Спустя несколько лет именно там, на Рынко́вой, а ещё на соседних с ней улицах Банковой, Гржибовской, Электоральной, Сенной, Новолипки, Зэгармистшовской (что и означает, собственно, «Улица часовщиков»), простёрлось самое большое в Европе гетто – 306 гектаров! – куда нацисты загнали и законопатили полмиллиона человек, всё еврейское население Варшавы (вдобавок к свезённому сюда населению из других городов и местечек Польши), исчерпав терпение Господа, изничтожив саму идею божественной сути и предназначения человеческих существ…
Но вот уж кто не собирался дожидаться библейского заклания агнцев, так это Абрахам Страйхман: ему воняло… Давно ему воняло!
После смерти Пилсудского в 1935-м Польша стала быстро наливаться юдофобским гноем, и нарыв этот всё разбухал и багровел, источая ненависть и жажду грядущей великой крови, – хотя культурная жизнь межвоенной Варшавы по-прежнему била ключом, и многочисленные кабаре и музыкальные театры поставляли публике всё больше популярных песенок и зажигательных эстрадных номеров: всё выше взлетали девичьи ножки на убранных красным плюшем маленьких полукруглых сценах, всё зазывней крутились попки в коротких юбчонках… По Варшаве ещё цокали более тысячи конных экипажей, не говоря уже о конках, но уже вовсю разъезжали и автомобили: такси (чёрные «форды» с продольной полосой из красных и белых шашечек), стильные «опели» и «мерседесы-бенцы», а на шикарные кабриолеты граждане, бывало, заглядывались так, что несколько человек уже угодили под колёса…
Когда в высших учебных заведениях Польши возникло и мгновенно вошло в обиход «лавочное гетто» – отдельная скамья на галёрке, куда отсылали студентов-евреев; когда в зачётных книжках появились «арийские печати» для поляков с правой стороны и отдельные печати для евреев – с левой, Абрахаму Страйхману завоняло нестерпимо, тем более что дочь его Голда только поступила на медицинский факультет Варшавского университета. Кроме того, она работала медсестрой в еврейском госпитале на улице Чисте и твёрдо знала, что станет настоящим врачом. Абрахам волновался за дочь: слишком умная, слишком бойкая и упрямая девочка. Не для задней скамьи он её растил, не для заднего двора этой антисемитской страны.
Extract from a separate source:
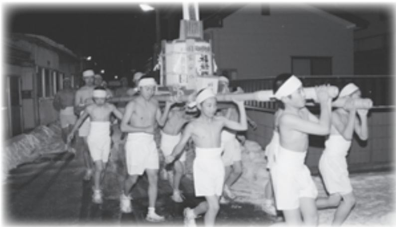
▲後半戦に入ってもまだまだ元気！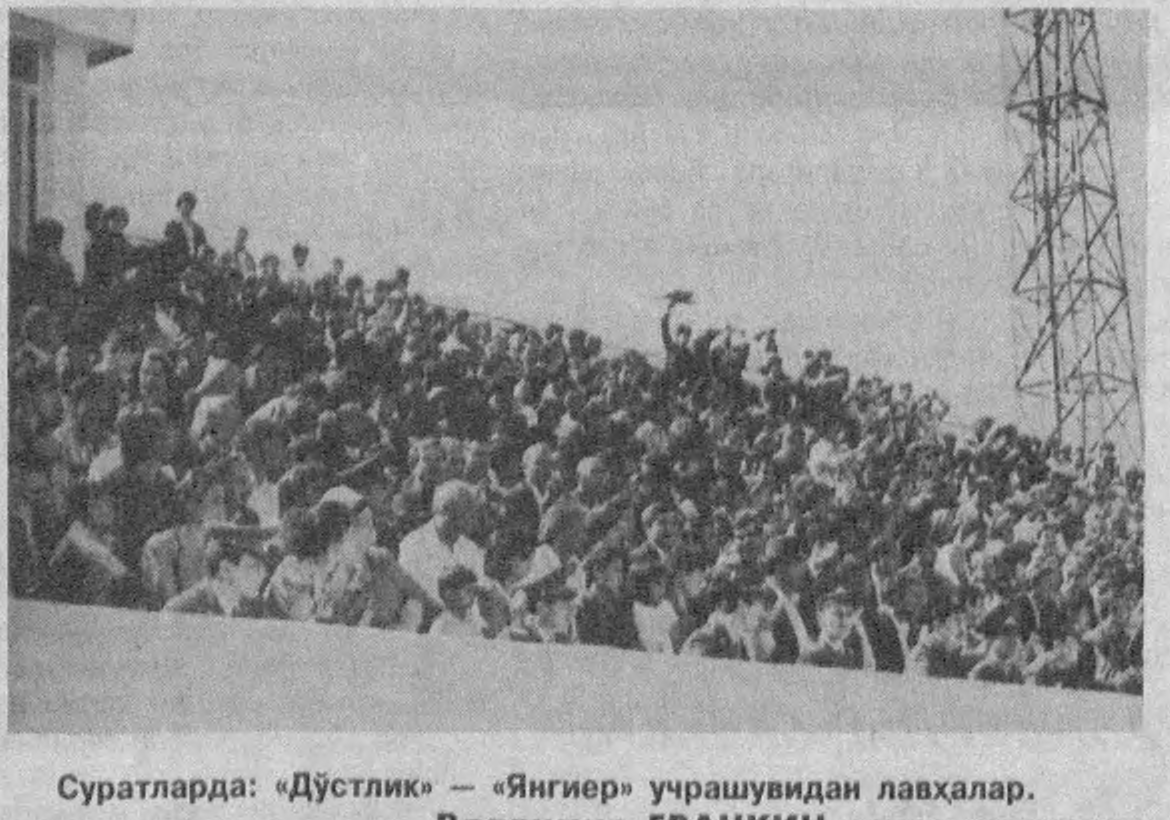
Суратларда: «Дўстлик» — «Янгир» учрашувидан лавҳалар.

Биринчи турдаги 8 та учрашунинг 4 тасида майдон эгалари, 4 тасида эса меҳмонлар устун келишди. Бирок дарвозаларга тўплар киритишда меҳмонларнинг натижалари юқорироқ бўлди. Улар майдон эгаларининг 10 та тўпига 13 та тўп билан жавоб қайтардилар.

И не зря волновался, старый ворон. В один из дней начала студенческой жизни Голда прибежала домой в синяках и кровоподтёках, с дикими глазами, простоволосая… Случилось то, чего Абрахам, с его проклятой проницательностью, боялся: его гордая дочь отказалась проследовать на «еврейскую лавку» и, демонстративно усевшись впереди, перед кафедрой лектора, все полтора часа невозмутимо строчила конспект, не обращая внимания на шиканье и оскорбительный шёпот справа и слева. Так что после лекции жидовку пришлось приструнить: зажав Голду в углу коридора и намотав на кулаки её русые кудри, несколько студентов с гоготом сволокли девушку по университетской лестнице и выкинули на мостовую…
Этой ночью Абрахам, со своим тонким слухом, отточенным многолетним часовым бдением, проснулся от шлёпанья босых ног в коридоре. Он вскочил, нашаривая на ковре ночные туфли и нащупывая очки, которые в волнении смахнул с ночного столика. Выбежал из спальни и заметался по тёмной, пульсирующей часовым стрёкотом и боем квартире. Голду обнаружил в кухне: та стояла на табурете, прилаживая к потолочному крюку от люстры бельевую верёвку, с вечера завязанную скользящим узлом.
– Ай, красота-а… – пропел Абрахам. – Хорошее вложение в высшее образование гордой курицы.
Подскочил и смахнул дочь с табурета.
– Идиотка! – кричал он, схватив её за плечи и тряся, как деревце. – Если б мы вешались от каждого тумака говёного гойского мира, то фараон до сих пор правил бы в Египте!
Стоит ли говорить, что к ушибам и синякам дочери отец добавил парочку хлёстких и злых затрещин.
Десятилетний Ижьо, разбуженный криками и плачем, переминался в дверях кухни, растерянно моргая. Его била крупная дрожь, и вовсе не от холода, хотя стоял он босой и в ночной рубашке: он никогда не слышал, чтобы отец кричал, никогда не видел, чтобы тот поднял руку на свою любимицу, и никогда бы не поверил, что Голда при этом может так страшно, так яростно молчать, сверкая глазами, – в отличие от матери, которая рыдала не переставая, мотая головой, как лошадь пана Пёнтека, их знакомого извозчика.